Medan-Bumantara : Ratusan massa buruh yang tergabung dalam Aliansi Pekerja/Buruh Daerah Sumatera Utara (APBDSU) geruduk kantor Gubsu di Jl Diponegoro Medan, Selasa (6/11/2018).

Massa buruh yang tergabung dari berbagai organisasi buruh ini menolak kenaikan Upah Minimum Provinsi (UMP) tahun 2019 yang telah ditetapkan pemerintah sebesar 8,03 persen.

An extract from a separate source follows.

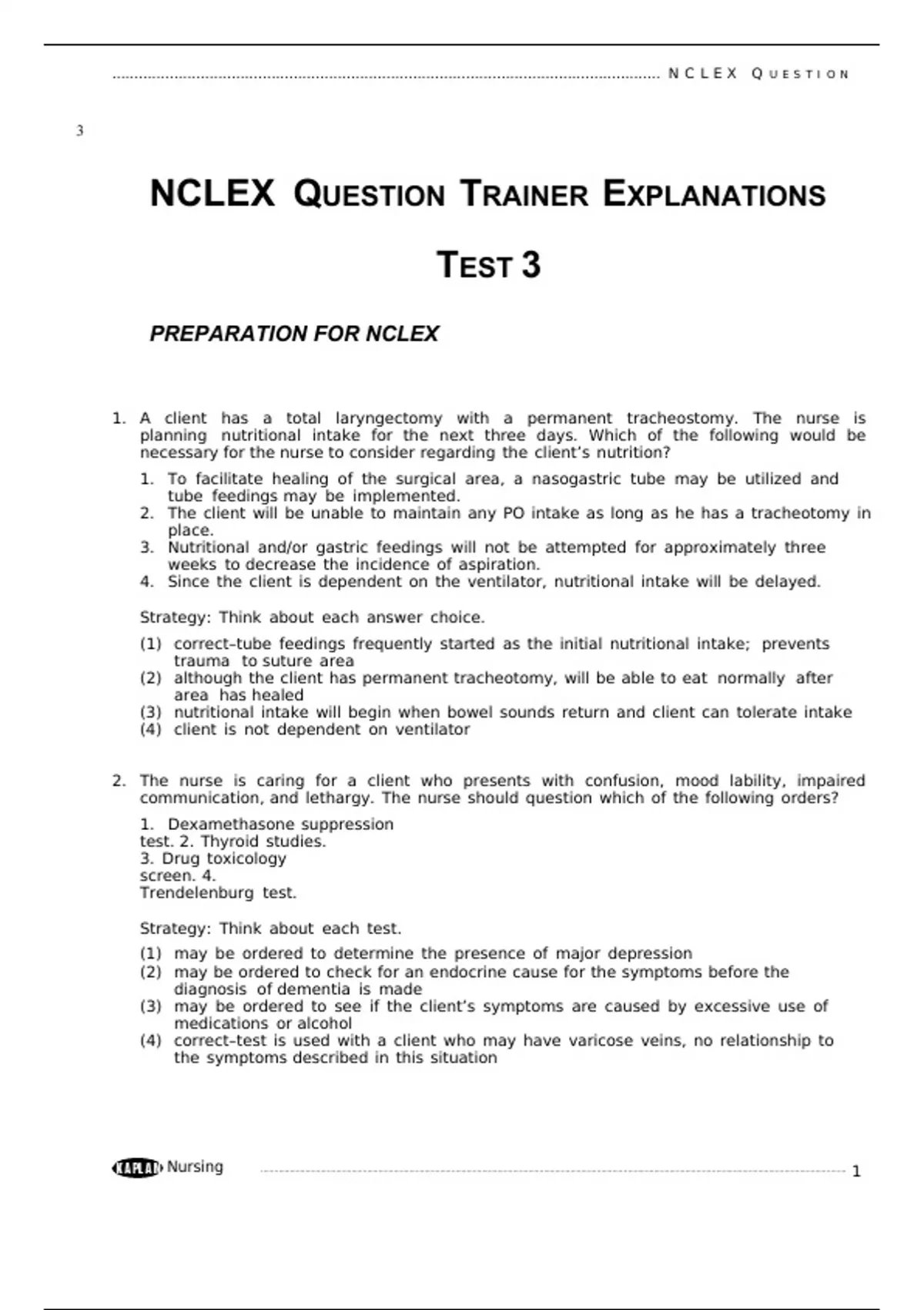NCLEX QUESTION TRAINER EXPLANATIONS TEST 3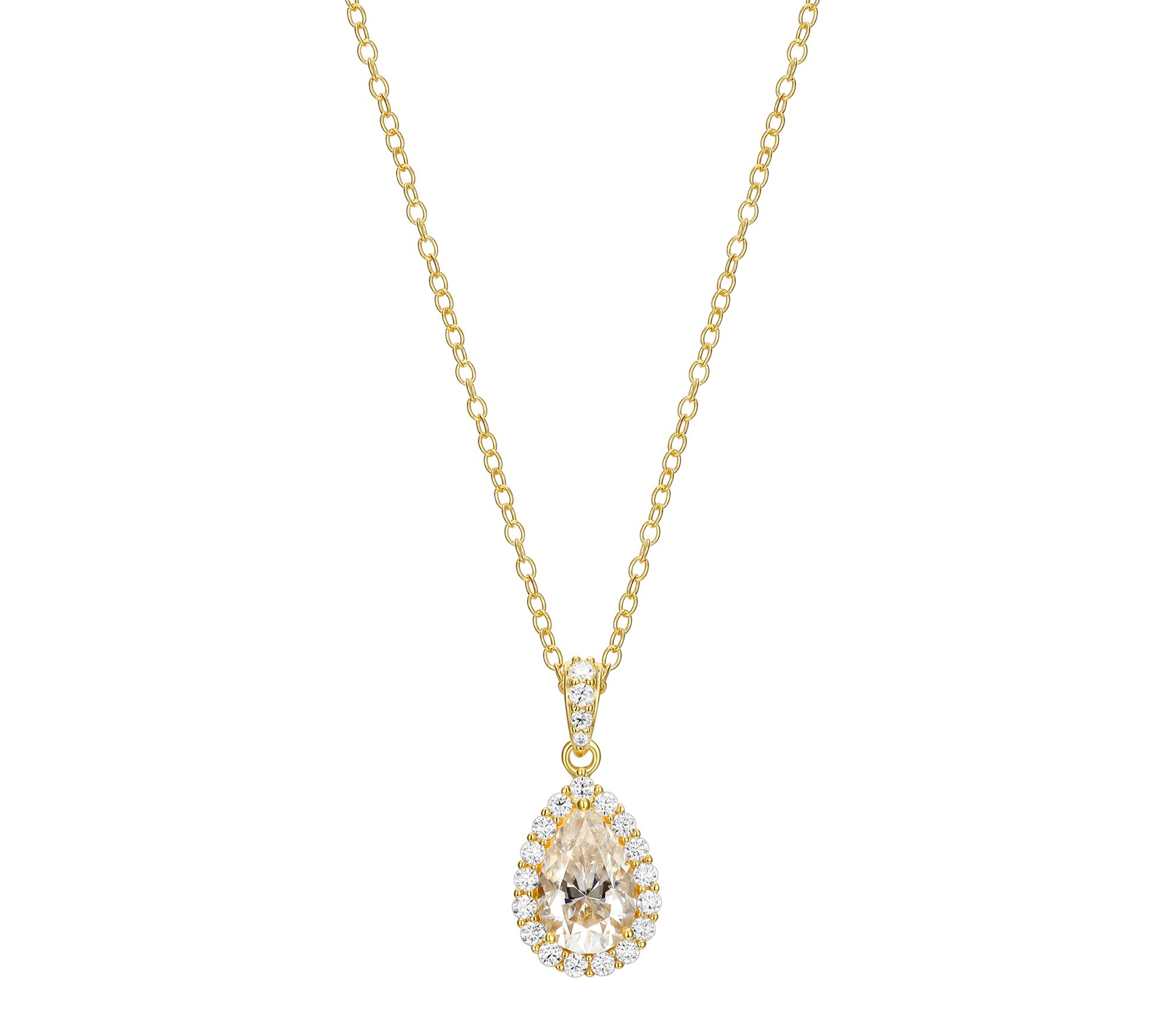 Pear and round lab-grown moissanite stone pendant; prong and pave settings; halo pendant style; cable link chain

Dalam orasinya di depan pintu masuk kantor Gubsu, buruh meminta gubernur untuk menyampaikan rekomendasi kepada presiden untuk mencabut Peraturan Pemerintah (PP) Nomor 78 tahun 2015 tentang pengupahan.

Pimpinan aksi Natal Sidabutar SH dalam orasinya menegaskan, kenaikan UMP yang hanya sebesar  8,03 persen sangat tidak sesuai dengan kenaikan harga-harga kebutuhan pokok.

Buruh di Sumut mendesak pemerintah menaikkan UMP sebesar 20-25 persen per bulan atau UMP Sumut berkisar Rp2,9 juta per bulannya. Sedangkan kenaikan UMP 2019 sebesar 8,03 persen hanya berkisar 2,4 juta/bulan.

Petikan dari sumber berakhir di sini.